O risco da situação descambar para um conflito mundial, que ponha um termo atômico ao pesadelo iniciado em Hiroshima, é real. A missão da Otan, hoje, é administrar o que sua insensata existência acarreta de malefícios à paz. Rumo ao extermínio, os tratados de redução de armas estratégicas são desconstituídos pela potência hegemônica e demais competidores, no mercado. Ilude-se quem acha que mísseis antibalísticos são artefatos militares de defesa.

O espectro que paira sobre o aniquilamento da espécie não anda sozinho, por óbvio. O aquecimento global é uma evidência com implicações tenebrosas, aponta o Grupo de Trabalho do Antropoceno, que estuda o impacto das ações humanas no meio ambiente. Dados revelam que 31,5 milhões de pessoas, a cada ano, se deslocam por causa de inundações e tempestades, um efeito já previsto há décadas. O derretimento da geleira do Himalaia acabará com o suprimento de água no sul da Ásia, impactando bilhões de seres vivos. O colapso do manto de gelo na Antártida aumentará o volume das marés. O planeta se aproxima das condições de 125 mil anos atrás, quando o nível do mar era 7,6 metros mais alto. Uma crise de refugiados bate à porta.

A queda de Barcelona para as forças fascistas do Gal. Franco, em fevereiro de 1939, levou quarenta mil refugiados da Espanha para o México. Outros tantos se dirigiram para Nova York, onde fixaram filiais anarquistas na Union Square, com sebos de livros usados na Quarta Avenida. Essas sequelas foram provocadas pela ascensão do nazifascismo, na Europa central. A máxima de Mark Twain, “a história não se repete, mas às vezes rima…”, permite antever as diásporas que redesenharão o mapa-múndi amanhã, com o esvaziamento da democracia liberal.
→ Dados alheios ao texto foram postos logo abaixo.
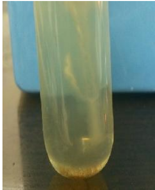
شکل ۲: آزمون حرکت مثبت

شکل شدن مسیر حرکت باکتری رویت شد. نتیجه این آزمون برای تمامی باکتری‌ها مثبت بود.
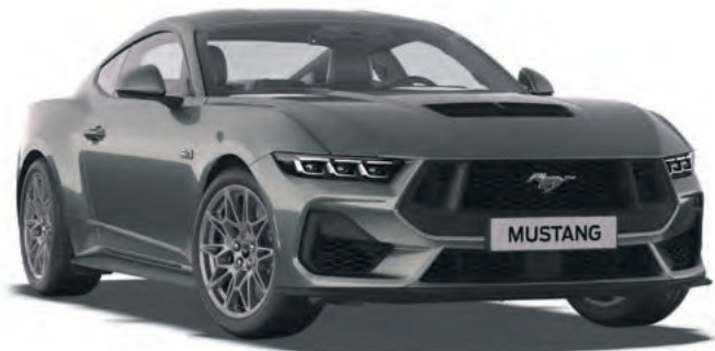
CARBONIZED GREY - LAKIER METALIZOWANY 4 300,-
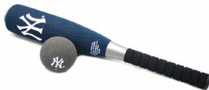
BATE JUMBO C BOLA
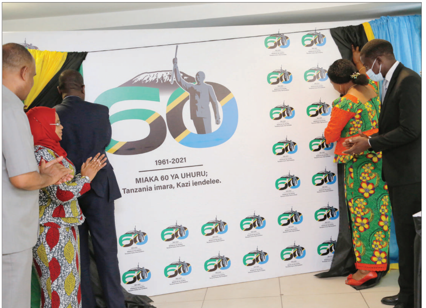
Waziri wa Nchi Ofisi ya Waziri Mkuu Sera, Bunge, Kazi, Ajira na Watu wenye Ulemavu, Jenista Mhagama (wapili kulia), akishirikiana na Waziri wa Nchi Ofisi ya Makamu wa Pili wa Rais, Sera, Uratibu na Baraza la Wawakilishi Zanzibar, Dk. Khalidi Salumu Mohamed (watatu kushoto), kuzindua nemo maalumu ya maadhimisho ya miaka 60 ya Uhuru wa Tanganyika mwaka huu yaliyozinduliwa jana, jijini Dodoma. Kulia ni Waziri wa Utamaduni na Sanaa, Innocent Bashungwa, Waziri wa Habari, Mawasiliano na Teknolojia ya Habari, Dk. Ashatu Kijaji (wapili kushoto).

Kadhalika, katibu huyo alisema kuwa wastaafu hao wamekuwa wakikwamishwa kufikisha kero zao kwa viongozi wa juu kuhusu kupata stahiki zao.
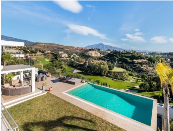
Fantastischer Blick auf die Berge
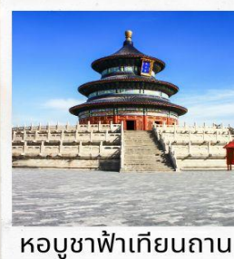
หอบูชาฟ้าเทียนถาน
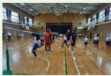
トップアスリート「夢・授業」
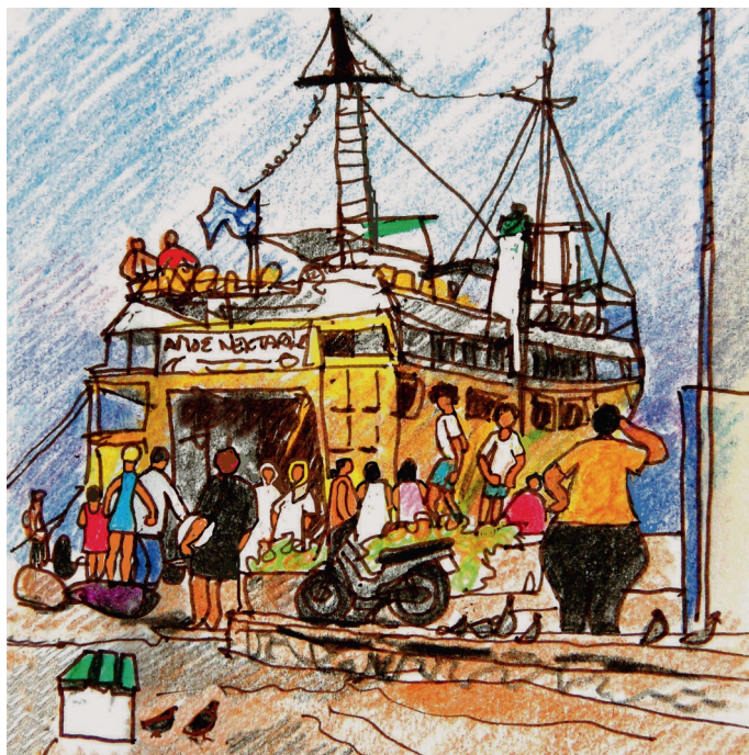
2 Σεπτεμβρίου 10 πμ. Αίγινα, Το πλοίο 'Αγίος Νεκταρίος' 2, 10:00. Aegina, Aghios Nektarios at dock
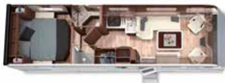
LOFT 87 MB
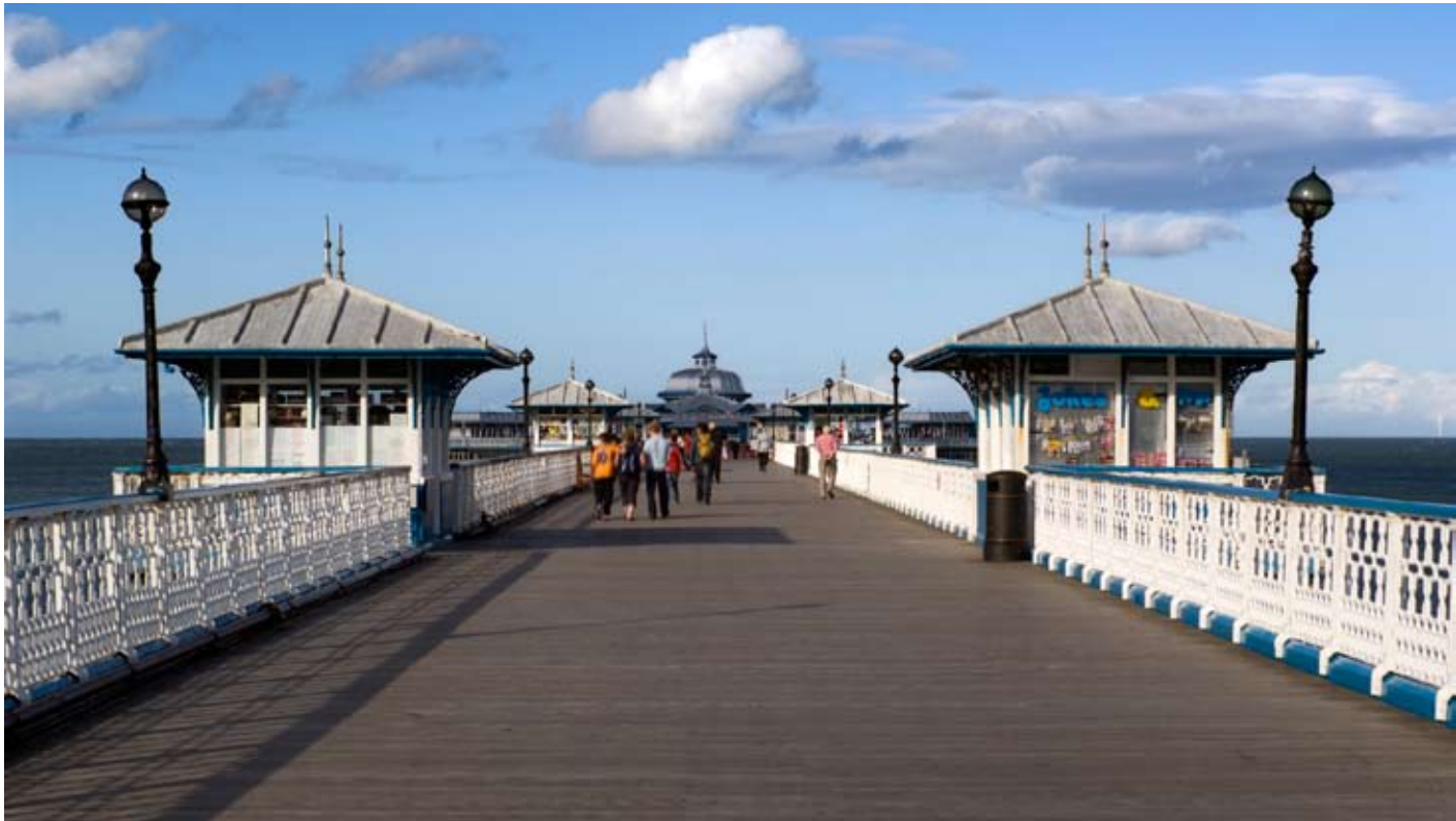
Pier Fictorianaidd Llandudno

M ae Cymorth Cynllunio Cymru yn parhau i ddarparu gwasanaeth cyngor o ansawdd uchel ar Linell Gymorth, gyda chymorth gan wirfoddolwyr sy'n gynllunwyr cymwys. Rhwng Ebrill 2010 a Mawrth 2011 derbyniasom bron i bedwar cant o alwadau yn gofyn am wybodaeth, cyngor a chymorth ar ystod eang o faterion cynllunio. Hefyd rhoesom gymorth i 26 grŵp cymunedol gyda chyfanswm o 730 o aelodau dros y flwyddyn.
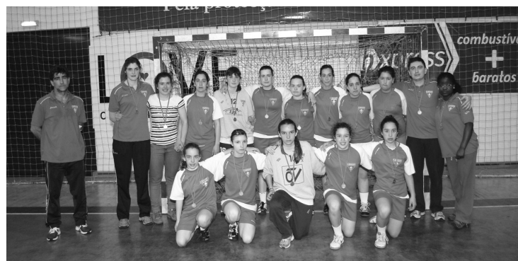
O SÃO BERNARDO, sem estatuto de favorito, acabou por disputar o título

O clube aveirense esteve perto de surpreender na Fase Final Nacional da II Divisão Nacional de Iniciadas Femininas. A LAAC, algo desfalcada, acabou por terminar na última posição
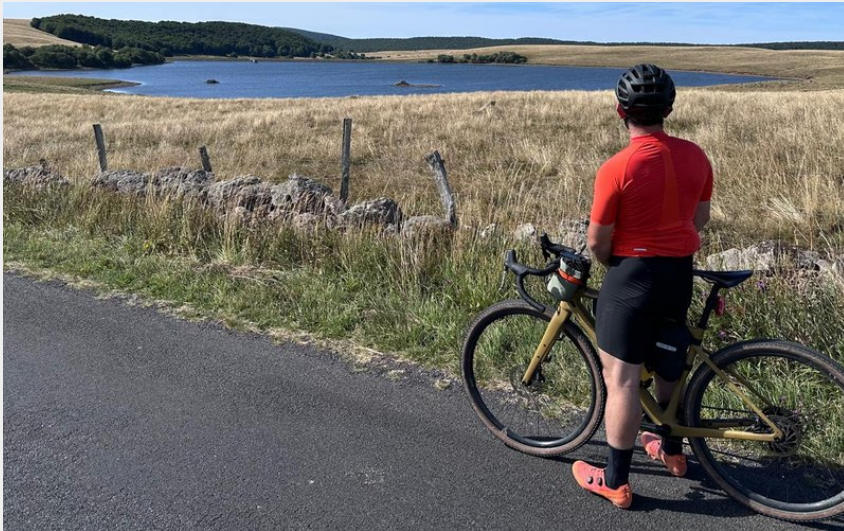
Lac des Moines
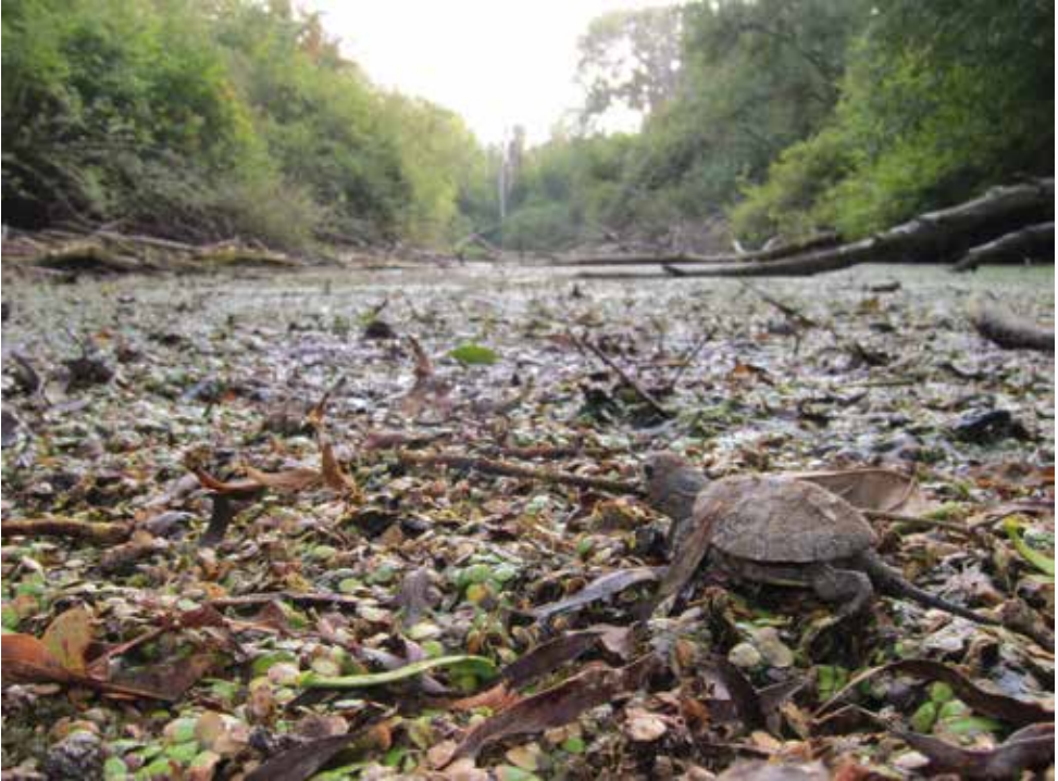
Ein Schlüpfing verlässt seine Gelegehöhle im Nationalpark Donau-Auen
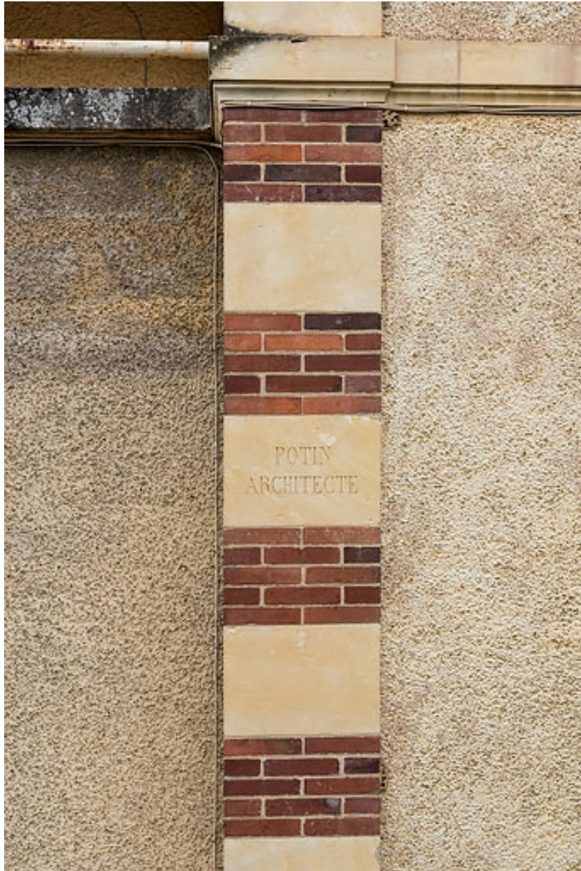
Ressaut gauche de l'avant-corps de la façade principale, signature : "POTIN ARCHITECTE".
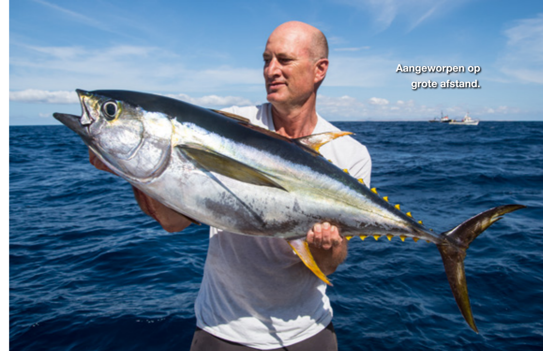
Aangeworpen op grote afstand.

licht materiaal twee pilkertjes van 60 gram naar beneden dwarrelen. Wat huppelende bewegingen boven de rotsachtige bodem leveren in een half uur een half zeeaquarium vol aan schitterende vissen op.
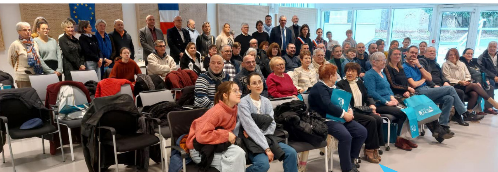
Remise des prix au concours des maisons et balcons décorés 2024 le 18 janvier 2025
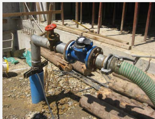
Esecuzione prova di portata
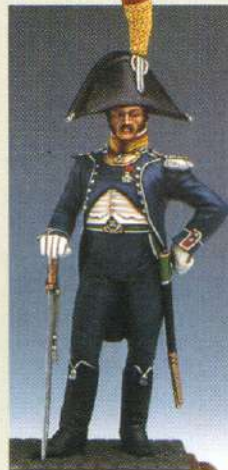
ILOF: Infanterie légère, officier de voltigeurs 1809
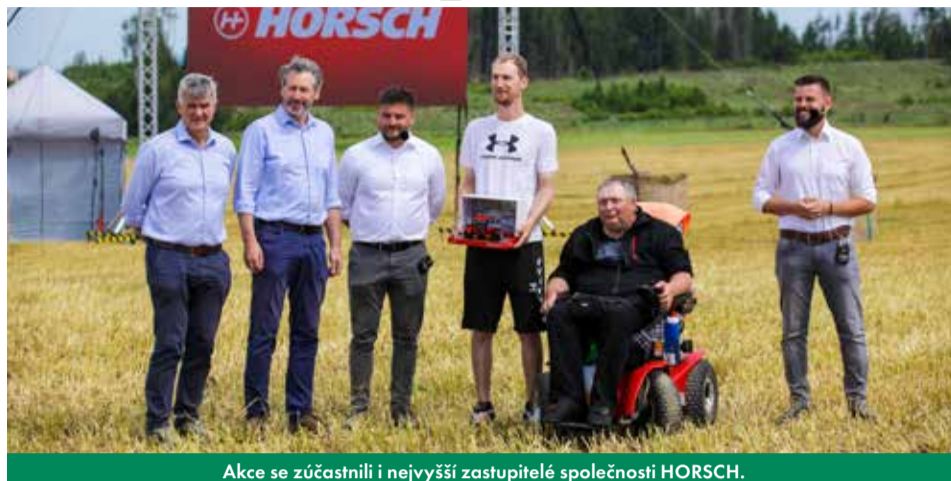
Akce se zúčastnili i nejvyšší zástupitelé společnosti HORSCH.
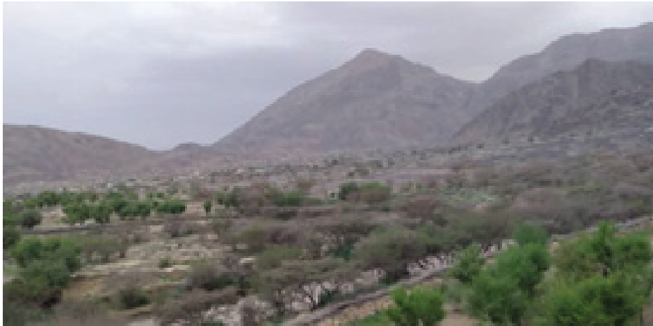
صورة من الغطاء النباتي بقرية السودة، مديرية الجوبة
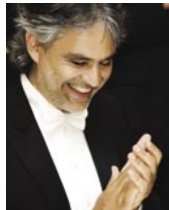
■ Andrea Bocelli

Andrea Bocelli brillerà sulla Walk of Fame di Hollywood tra le stelle della musica. Il 2 marzo 2010 la targa in suo onore sarà scoperta durante la settima festa del cinema Los Angeles-Italia. Insieme saranno svelate le stelle dei musicisti Ringo Starr, Bryan Adams e Van Morrison, degli attori Russell Crowe, Emma Thompson e Colin Firth e del regista James Cameron. Gli italiani che hanno ottenuto questo onore sono: Bernardo Bertolucci, Sophia Loren, Rodolfo Valentino, Anna Magnani, Arturo Toscanini ed Enrico Caruso.
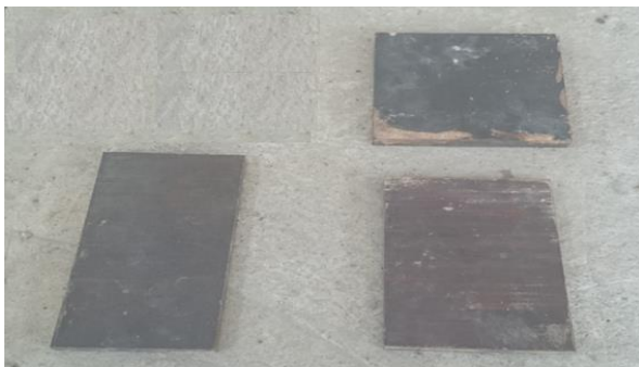
شکل ۳. صفحات مورد استفاده در آزمون‌های فشار_ نشست
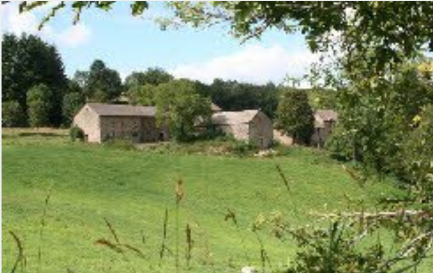
La ferme de Lacan
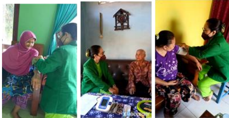
Gambar 2. Gambaran Kegiatan Pelaksanaan
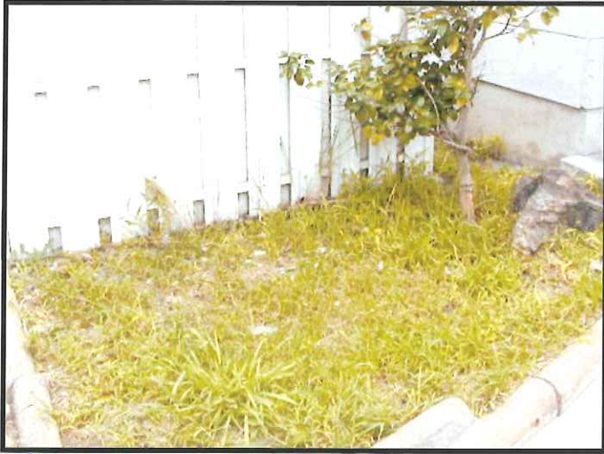
①防草したい場所の選定
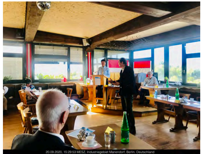
20.09.2020, 15:29:53 MESZ, Industriegebiet Mariendorf, Berlin, Deutschland
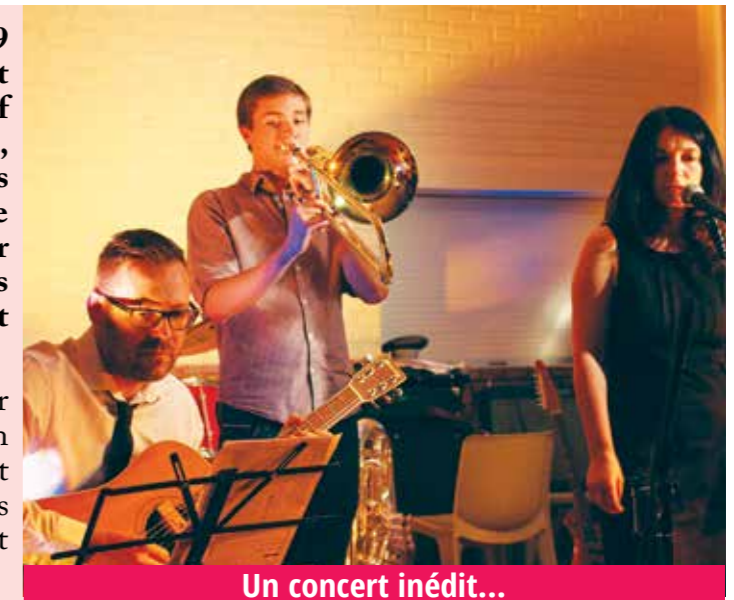
Un concert inédit...

Ces travaux de rencontre ont une grosse valeur pédagogique, chacun présente son instrument en jouant un titre ou un extrait musical. La soirée s'est clôturée par « Everybody needs somebody » des blues Brothers avec cuivres, guitares, contrebasse, chant et batterie !
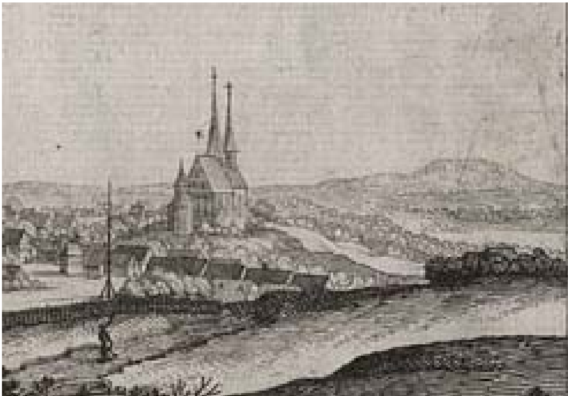
Panoramabild von Geithain (Ausschnitt) des Merian: Topographia Saxoniae superioris; 1655: vor der Marienkirche stehen die Häuser in der Bruchheimer Straße, rechts der Kirche stehen die Häuser in Wickershain am Hang, im Hintergrund der Rochlitzer Berg (nicht perspektivisch gezeichnet)

Darüber hinaus waren alle zur Frohn für die beiden Geithainer Fürstenteiche pflichtig, schon jahrhundertlang, wie aus einer Urkunde des Landesherrn aus dem Jahr 1339 hervorgeht. Als am 4. November 1569 der Rat der Stadt die Teiche vom Landesherrn kaufte, blieb es dabei, obgleich die Stadt keine landesfürstlichen Rechte besaß. In „winnter zeit mussen sie vff des fischmeisters anweissung vnd geheiß auff solchen teichen“ tätig werden. Allerdings hat der Rat auf seine Kosten die Leute und die Pferde verköstigen müssen. Diese Pflichten endeten im Jahr 1598. Aber am 14. März 1698 werden vom Kurfürsten diese Frohnarbeiten erneuert wie folgt: „Weiln auch die Einwohner zu Wickershan vermöge ihrer alten Brieffe zu solchen Deichgebäude alle nothurfftige Fuhren mit Pferden und der Hand daran dienen.“ Am 21. Januar 1780 wurde dem Dorf ein sog. Freiheitsbrief ausgestellt, der die Bauern von den Hand- und Spanndiensten freistellte, 1698 waren sie vom Kurfürsten August d.Starken der Stadt noch einmal bestätigt worden. (Man beachte: nicht „Frohndienst“, falsch wie „Weißer Schimmel“).
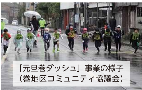
「元旦巻ダッシュ」事業の様子 (巻地区コミュニティ協議会)
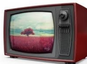
La télévision Qui a ?
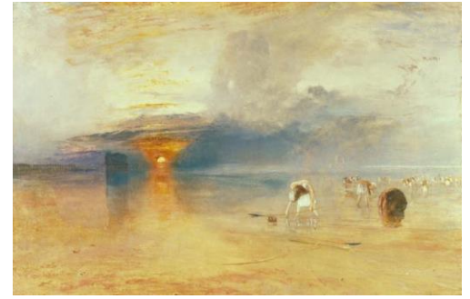
《カレの砂浜 ―― 引き潮時の餌採り》 ジョゼフ・マロード・ウィリアム・ターナー ペリ美術館 J. M. W. Turner, Calais Sands at Low Water: Poissards Collecting Bait, 1830, Oil on canvas, 68.6 x 105.5 cm, Bury Art Museum, Greater Manchester, U.K.
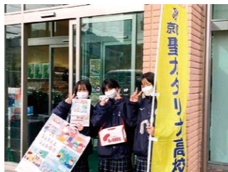
▲京都聖カタリナ高等学校街頭啓発活動
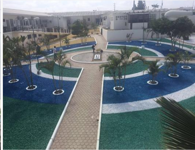
Remodelación Hospital Básico de Ancón
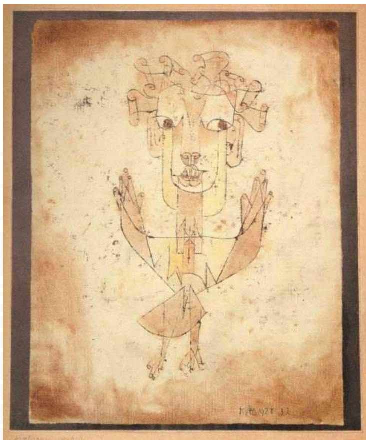
Fotografía 59. Angelus Novus (1920) del pintor suizo Paul Klee. Dibujo a tinta china, tiza y acuarela sobre papel. Museo de Israel en Jerusalén.

Walter Benjamín adquirió esta obra y la llamó "El Ángel de la Historia", así aparece en un ensayo dedicado al escritor austriaco Karl Kraus. La imagen permitía “reconocer a una humanidad que se acredita en la destrucción” (Benjamín, 1998).
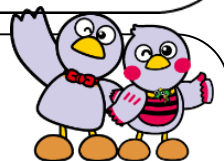
埼玉県マスコット 「コバトン&さいたまっち」

O esboroamento do Estado de direito democrático naturaliza o autoritarismo, com a rima que une o passado ao presente. O populismo extremista tem conquistado cargos políticos importantes nos Estados Unidos, Rússia, Turquia, Egito, Índia, Hungria, Polônia, Itália. A estagnação do padrão de vida, o medo da democracia multiétnica e as redes sociais a serviço do regressivo projeto iliberal empurram a democracia para o precipício anticivilizacional.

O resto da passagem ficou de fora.